- Born: Hyderabad, India
- Occupation: Musician
- Instruments: Vocals; guitar;
- Years active: 2002–present

= Rashid Ali (singer) =

Indian singer and guitarist

Rashid Ali is an Indian playback singer, guitarist, and composer whose songs are featured in Indian cinema, primarily Hindi films.

==Career==
Rashid was spotted at a concert in London by A. R. Rahman, who invited him to be part of his Unity of Light concert. There, he performed a jazz-centric fusion of "Ooh La La La," and he has been a regular feature of Rahman's shows since. He started providing vocals for Rahman for Paarthale Paravasam in 2002. He provided vocals to two songs in the coming-of-age romantic comedy film Jaane Tu... Ya Jaane Na, which earned him nominations for playback singer in Filmfare, Stardust, Star Screen Awards, and Radio Mirchi Awards 2008–2009. His songs include "Call Me Dil" and "Cry Cry" from Jhootha Hi Sahi. He is also a professional guitarist, usually associated with Rahman's film soundtracks. He played guitar and provided vocals for Kabhi Kabhi Aditi, for which he composed the introductory guitar riff, "Ishq Ada Hai", and, most recently, he played the steel-string rhythm guitar for "Call Me Dil" from Jhootha Hi Sahi.

Rashid completed his debut album titled Call Me Rashid, produced by Rahman. The music was composed and arranged by Rashid, and Bollywood actress Tabu made her music video debut through this album. Call Me Rashid was launched by Artist Aloud (Hungama Digital Media) on 28 November 2011, with Rahman producing under his own label, KM Music. He also provided vocals for "Sun Lo Zara" with Shreya Ghoshal and "Timmy" for Ek Deewana Tha, released on 16 February 2012.

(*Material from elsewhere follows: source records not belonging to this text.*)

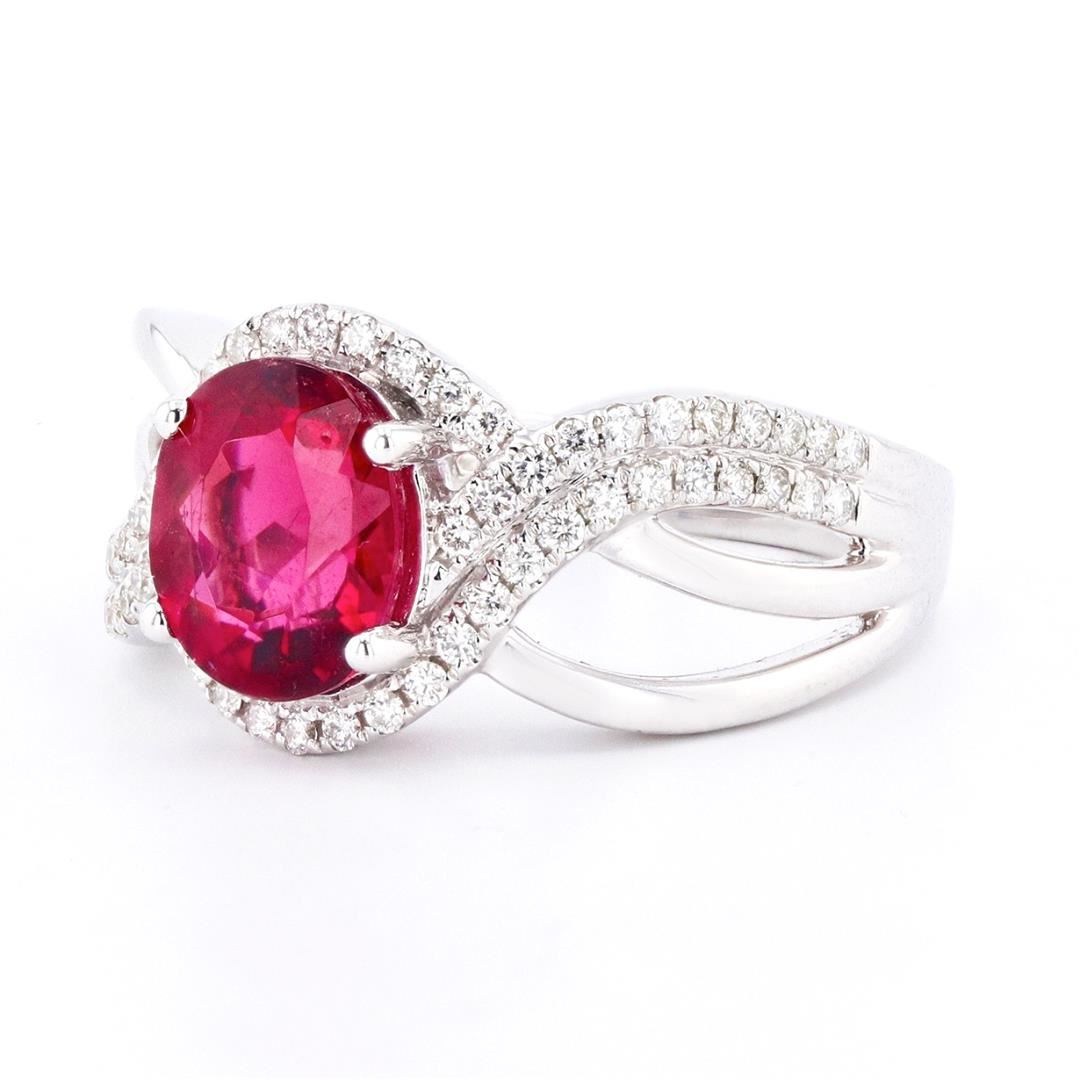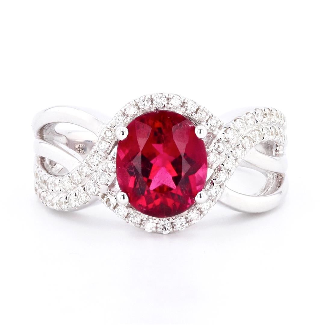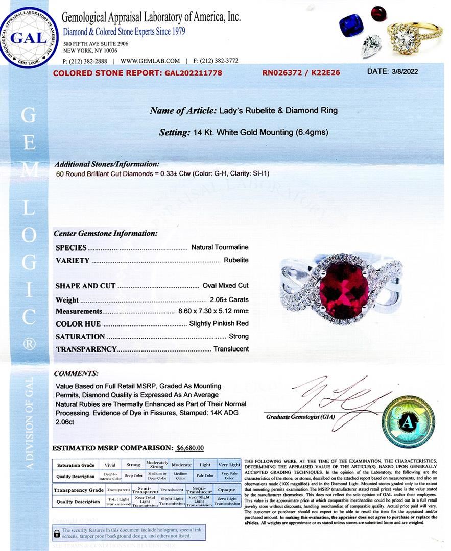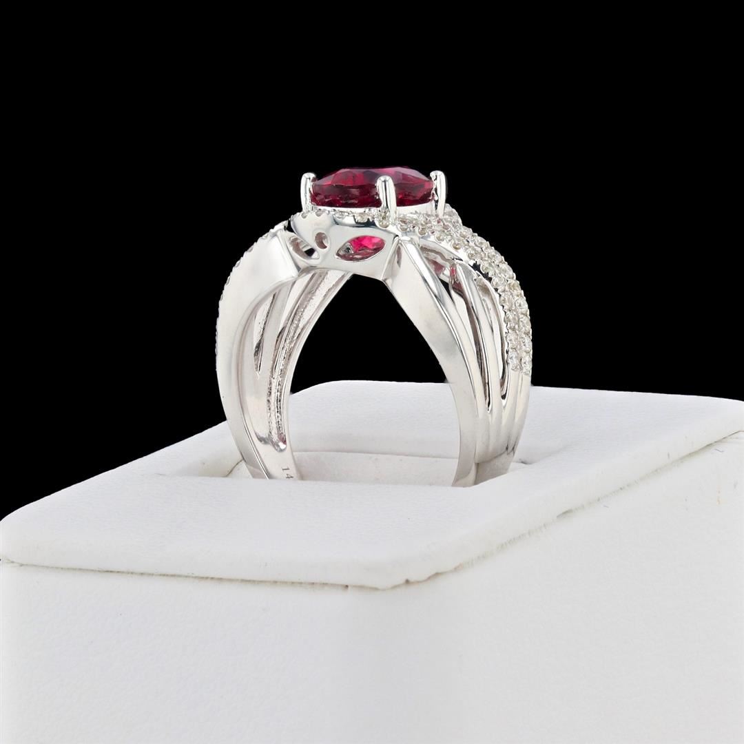 2.06CT Rubelite Natural Tourmaline and 0.33ctw Diamond 14K White Gold Ring. Please see Photos and Description for all available information. This unique ring is made with 60 round brilliant cut diamonds and one 2.06ct tourmaline with a beautiful color. The color of this tourmaline is blue, but the light hits it in different angles and it changes color to purple. The ring is made in 14K white gold. This ring is available in size 7.
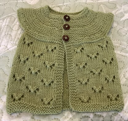Monarch Butterfly Light has a vintage feel to it and will become an heirloom piece to be handed down from baby to baby. Top down construction, with a 3 or 4 button closer. This is designed with positive ease, so there will be room to grow into a tunic. Suitable for Fingering or Sock.
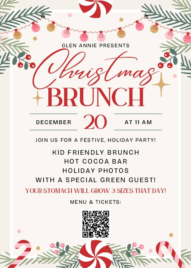 Get ready to kick off the season with sparkle, smiles, and a whole lot of holiday cheer! Join us on December 20th at 11 AM for Glen Annie’s festive Christmas Brunch, filled with delicious food, family fun, and magical moments.
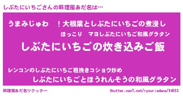 | 男性向けラノベタイトル風あだ名 | 『うちのしぶたにいちごが世界を掌握している!』 |
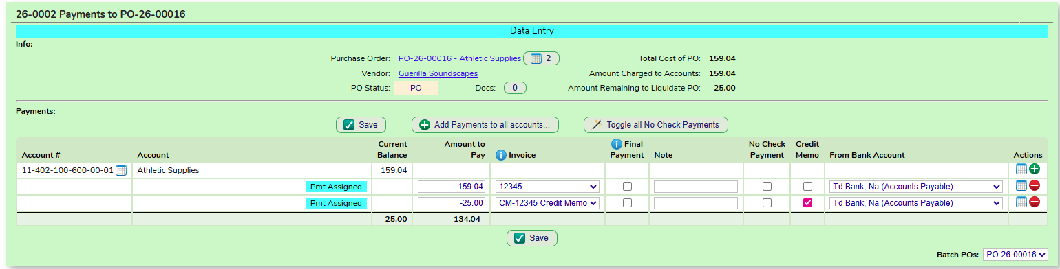 IMPORTANT - the payment for the PO must already be entered into a batch BEFORE you add the credit memo to the same batch. The system will add the credit memo as a second payment line to the existing PO payment record.
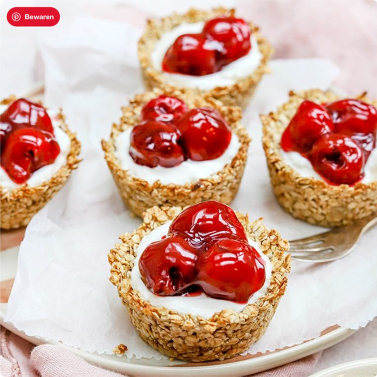 In een schaaltje meng je de kwark met honing en vanille aroma. Vul de bodempjes met de kwark en top af met de kersen.
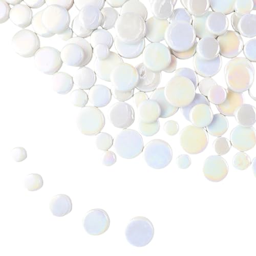 Iriserande runda mosaikplattor i glas för hantverk, 500 g minirirkel mosaik glasdelar för blomkrukor, vaser, koppar, trädgård och heminredning gör-det-själv tillbehör för mosaik (vit)
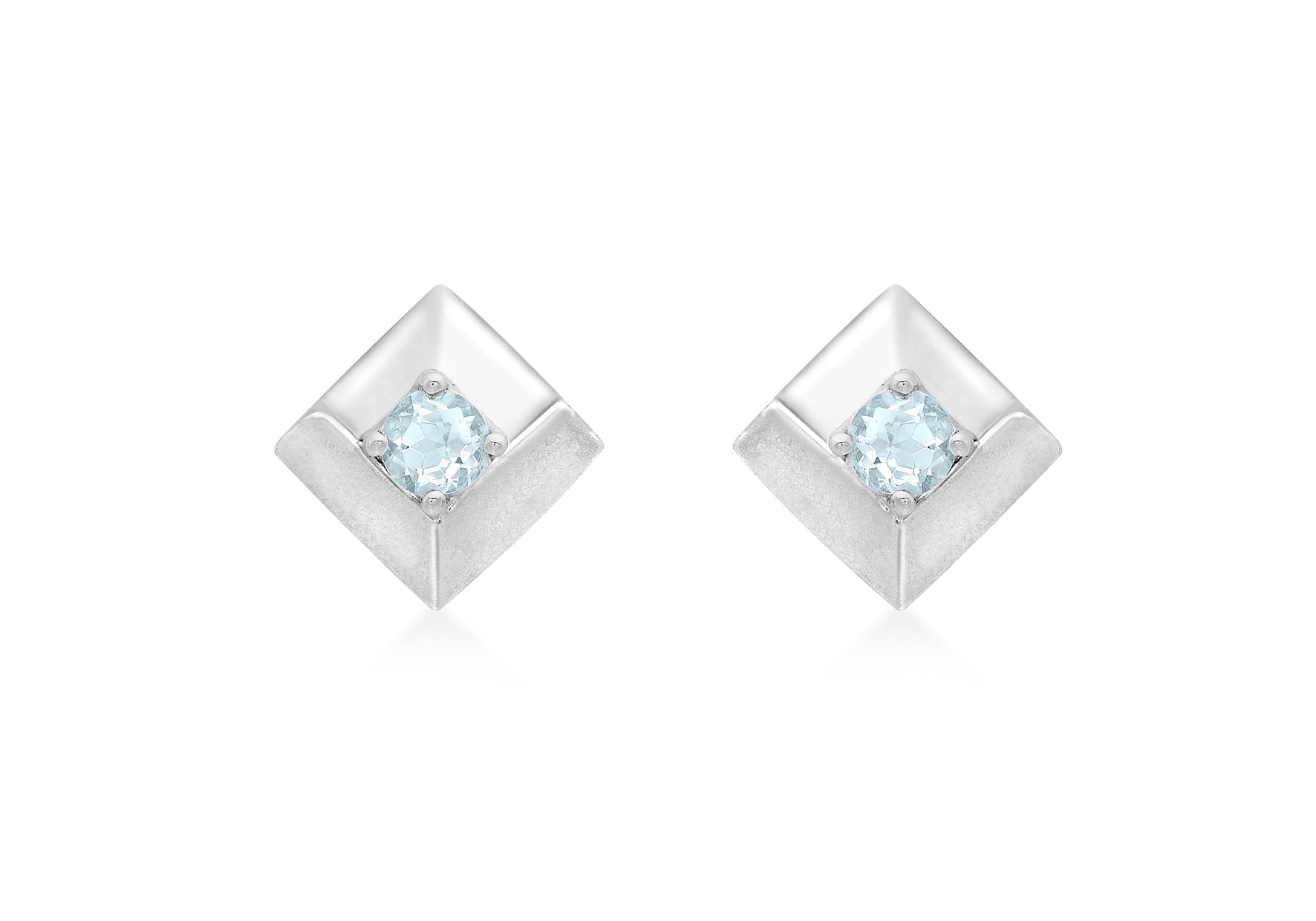 9ct White Gold Blue Topaz Square Stud Earrings Width: 6mm; Height: 6mm; Fitting: Post; Setting: Claw; Stone Details: 3x3mm Blue Topaz Gemstone; Style: Stud Metal Colour: White Metal: 9ct Gold
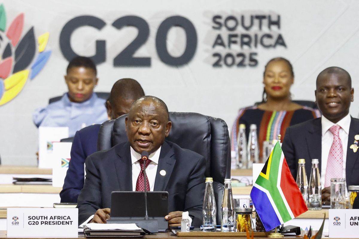 epa12541329 South African President Cyril Ramaphosa delivers opening remarks, welcoming leaders and outlining summit priorities on the first day of the G20 Summit at the Nasrec Expo Centre in Johannesburg, South Africa, 22 November 2025. World leaders are gathering in South Africa, the host of this year's G20 Leaders' Summit on 22 and 23 November 2025, to discuss the global economy, development and financing. EPA/THOMAS MUKOYA / POOL
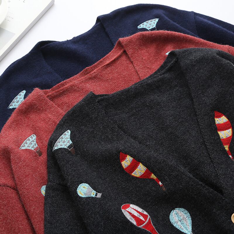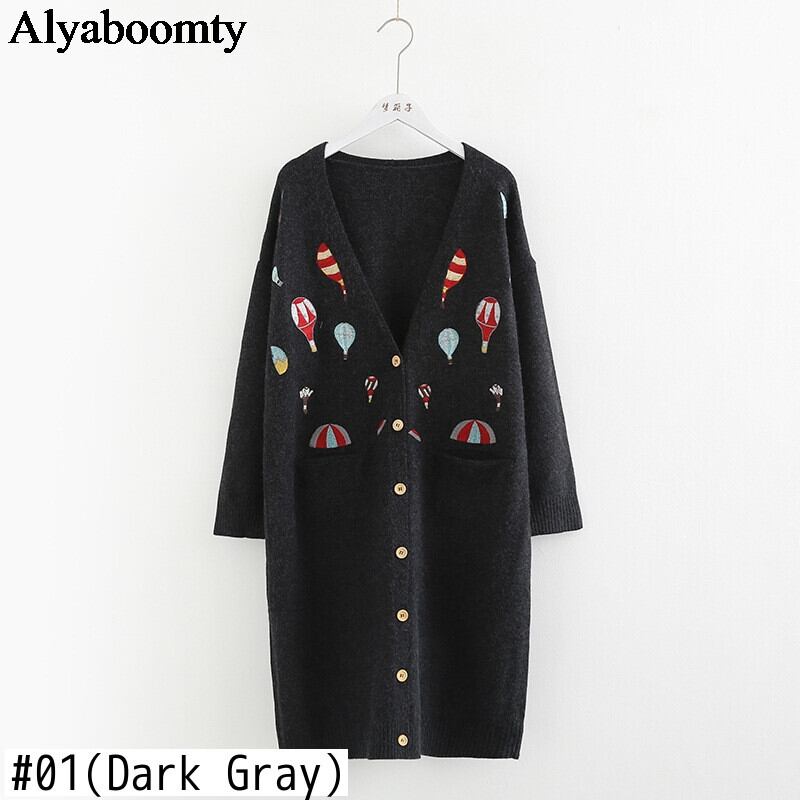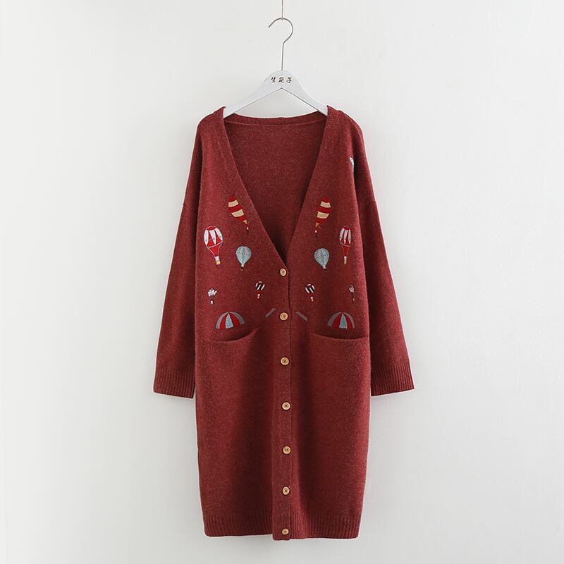 送料無料୨♥୧ オータムウィンターレディースロングカーディガンVネック刺繍ルーズセーター 大人ガーリー スウィート キュート カジュアル 秋物 冬物 AOS98571712751

On 1 November 2012, he performed with Rahman in Bhopal, India, for the anniversary of the formation of Madhya Pradesh. In 2013, Rashid recorded a romantic number for the Raanjhanaa soundtrack, also composed by Rahman. The song is his first duet with Neeti Mohan, entitled "Nazar Laaye". In response to critical acclaim for the song, Rashid produced and released a single featuring Mohan called "Tu Hai" ('Autumn Love').

In November 2014, Rashid launched a series of YouTube videos called 'Rashid's Jam Room' in which he sings and plays guitar, often collaborating with other artists.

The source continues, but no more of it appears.